Figure 12 is a block diagram of a host 1200, which may be an embodiment of the host 916 of Figure 9, in accordance with various aspects described herein. As used herein, the host 1200 may be or comprise various combinations hardware and/or software, including a standalone server, a blade server, a cloud-implemented server, a distributed server, a virtual machine, container, or processing resources in a server farm. The host 1200 may provide one or more services to one or more UEs.

The host 1200 includes processing circuitry 1202 that is operatively coupled via a bus 1204 to an input/output interface 1206, a network interface 1208, a power source 1210, and a memory 1212. Other components may be included in other embodiments. Features of these components may be substantially similar to those described with respect to the devices of previous figures, such as Figures 10 and 11 , such that the descriptions thereof are generally applicable to the corresponding components of host 1200.

The memory 1212 may include one or more computer programs including one or more host application programs 1214 and data 1216, which may include user data, e.g., data generated by a UE for the host 1200 or data generated by the host 1200 for a UE. Embodiments of the host 1200 may utilize only a subset or all of the components shown.

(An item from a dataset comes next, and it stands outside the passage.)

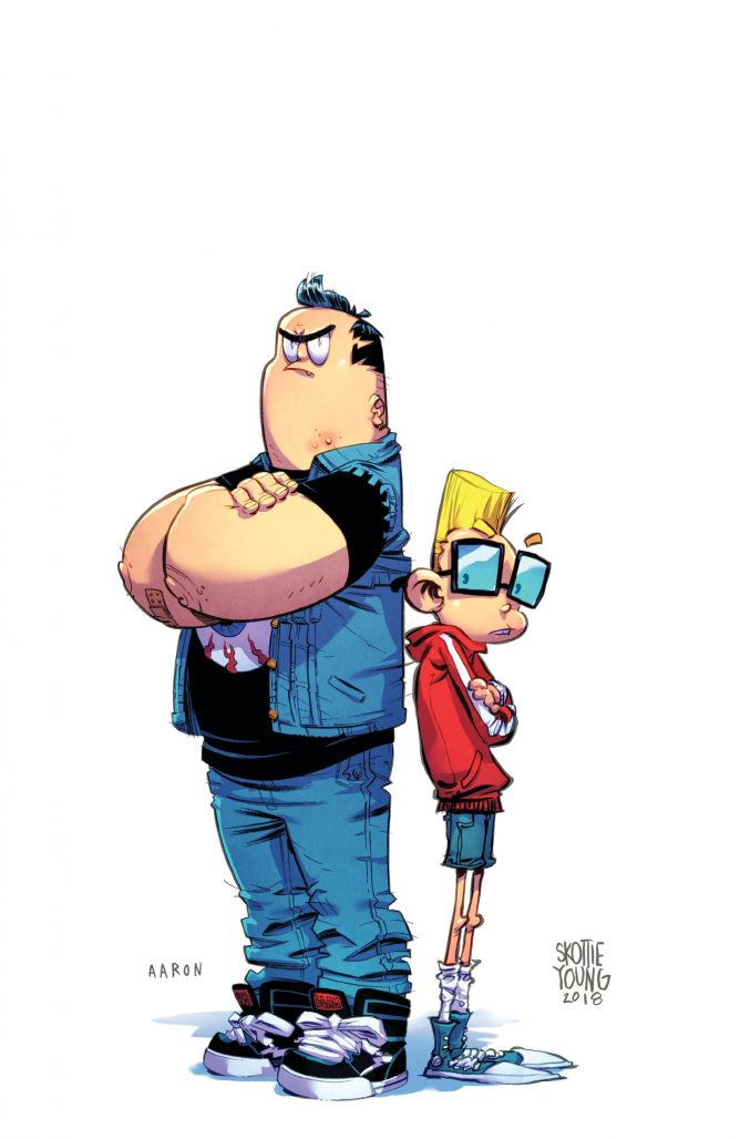SKOTTIE: Not really. That’s all Aaron. Being an artist myself, I’m pretty sensitive about making my collaborators feel like i’m going to come in and start telling them how things should look. I wanted to work with Aaron because he’s a brilliant cartoonist, not because he’d draw how I wanted it to look. So I stay in my lane! I gave a few notes on the characters ages when we first started, but past that, I’ve just watched Aaron craft a beautiful and funny world! Then Jean comes in and pluses it up even more with his electric colors! I’m pretty spoiled.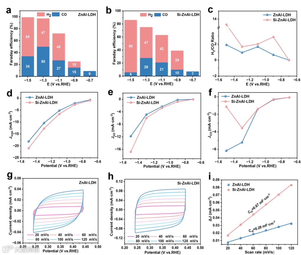 图3.(a,b) ZnAl-LDH和Si-ZnAl-LDH的电催化CO2还原性能图,(c) H2/CO产率比例图,(d) 电流密度图,(e) H2分电流密度图,(f) CO分电流密度图,(g,h ) 不同扫速下的CV曲线图,(i)双层电容图。

The host application programs 1214 may be implemented in a container-based architecture and may provide support for video codecs (e.g., Versatile Video Coding (VVC), High Efficiency Video Coding (HEVC), Advanced Video Coding (AVC), MPEG, VP9) and audio codecs (e.g., FLAG, Advanced Audio Coding (AAC), MPEG, G.711), including transcoding for multiple different classes, types, or implementations of UEs (e.g., handsets, desktop computers, wearable display systems, heads-up display systems). The host application programs 1214 may also provide for user authentication and licensing checks and may periodically report health, routes, and content availability to a central node, such as a device in or on the edge of a core network. Accordingly, the host 1200 may select and/or indicate a different host for over-the-top services for a UE. The host application programs 1214 may support various protocols, such as the HTTP Live Streaming (HLS) protocol, Real-Time Messaging Protocol (RTMP), Real-Time Streaming Protocol (RTSP), Dynamic Adaptive Streaming over HTTP (MPEG-DASH), etc.

Figure 13 is a block diagram illustrating a virtualization environment 1300 in which functions implemented by some embodiments may be virtualized. In the present context, virtualizing means creating virtual versions of apparatuses or devices which may include virtualizing hardware platforms, storage devices and networking resources. As used herein, virtualization can be applied to any device described herein, or components thereof, and relates to an implementation in which at least a portion of the functionality is implemented as one or more virtual components. Some or all of the functions described herein may be implemented as virtual components executed by one or more virtual machines (VMs) implemented in one or more virtual environments 1300 hosted by one or more of hardware nodes, such as a hardware computing device that operates as a network node, UE, core network node, or host. Further, in embodiments in which the virtual node does not require radio connectivity (e.g., a core network node or host), then the node may be entirely virtualized.

Applications 1302 (which may alternatively be called software instances, virtual appliances, network functions, virtual nodes, virtual network functions, etc.) are run in the virtualization environment Q400 to implement some of the features, functions, and/or benefits of some of the embodiments disclosed herein.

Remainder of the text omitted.